I liken this to the verse above. I have to trust God for the things I can't see. It reminds me that He is in control.  When I trust Jesus for the things I can't see the evidence of our relationship is faith. God has been placing surprises in the lives of those I love lately. Some good, some not so good, some great. We have to trust in Him to do the miraculous. Have faith in the unseen.


A song by Delirious?, Deeper, starts off by singing, "I wanna go deeper, But I don’t know how to swimI wanna be meeker, But have you seen this old Earth?, I wanna fly higher, But these arms won’t take me there"...then by the time we reach the bridge the singer realizes it is not in his power, "It’s time to walk the path where many seem to fall, Hold me in your arms, Just like any father would, How long do we have to wait?, How long?" The voice realizes that his own strength will only take him so far, God must do the rest.

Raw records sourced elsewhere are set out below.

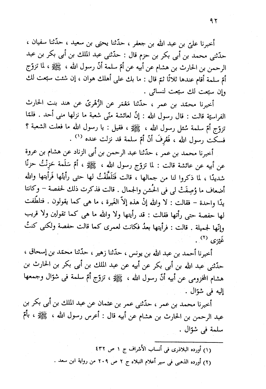 أخبرنا أحمد بن عبد الله بن يونس، حدّثنا زهير، حدّثنا محمّد بن إسحاق، حدّثنى عبد الله بن أبى بكر عن أبيه عن عبد الملك بن أبى بكر بن الحارث بن هشام المخزومى عن أبيه أنّ رسول الله، -صلى الله عليه وسلم-، تزوّج أمّ سلمة في شوّال وجمعها إليه في شوّال.
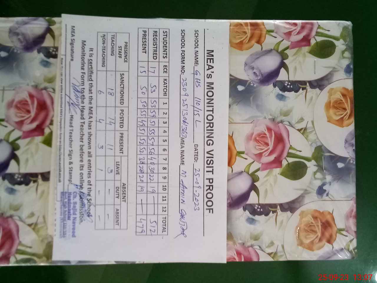 | Attendance Register | Head Teacher | MEA with School | Visit Proof |
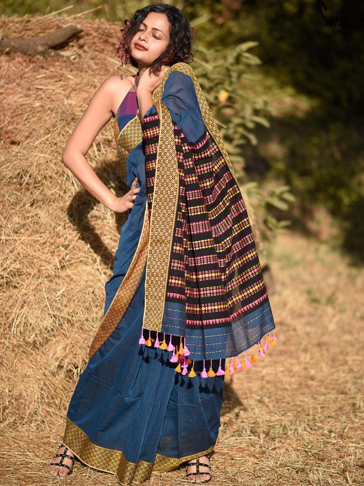 This handloom cotton saree in beautiful blue is simply gorgeous!
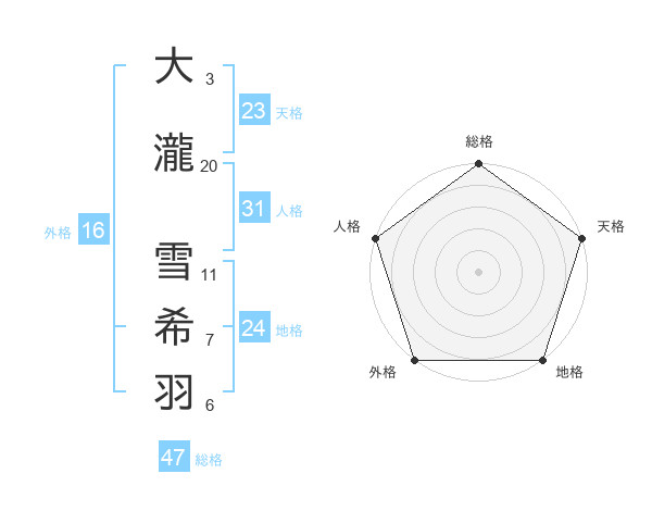 大瀧 雪希羽さんを姓名の画数から五運を鑑定
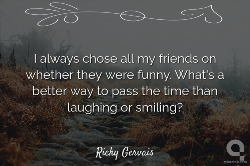 I always chose all my friends on whether they were funny. What's a better way to pass the time than laughing or smiling? Ricky Gervais
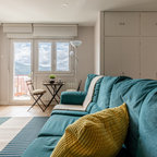 тут смотрим на окна - наша стена с двумя окнами, в гостиной, - можно вместо штор жалюзи сплошныком сделать

So, how long do we have to wait? For the things unseen, for unanswered prayers, for good testimony?Maybe years...but it also could be 15 minutes. Sometimes the future seems too far, but I can handle that God will be with me in the next 15 minutes and the next 15 after that.




-Aside: Although they are no longer touring, I have seen Delirious? live and when I think about how empowering their music was in that moment, it still brings me chills. I hope you enjoy the song as much as I do.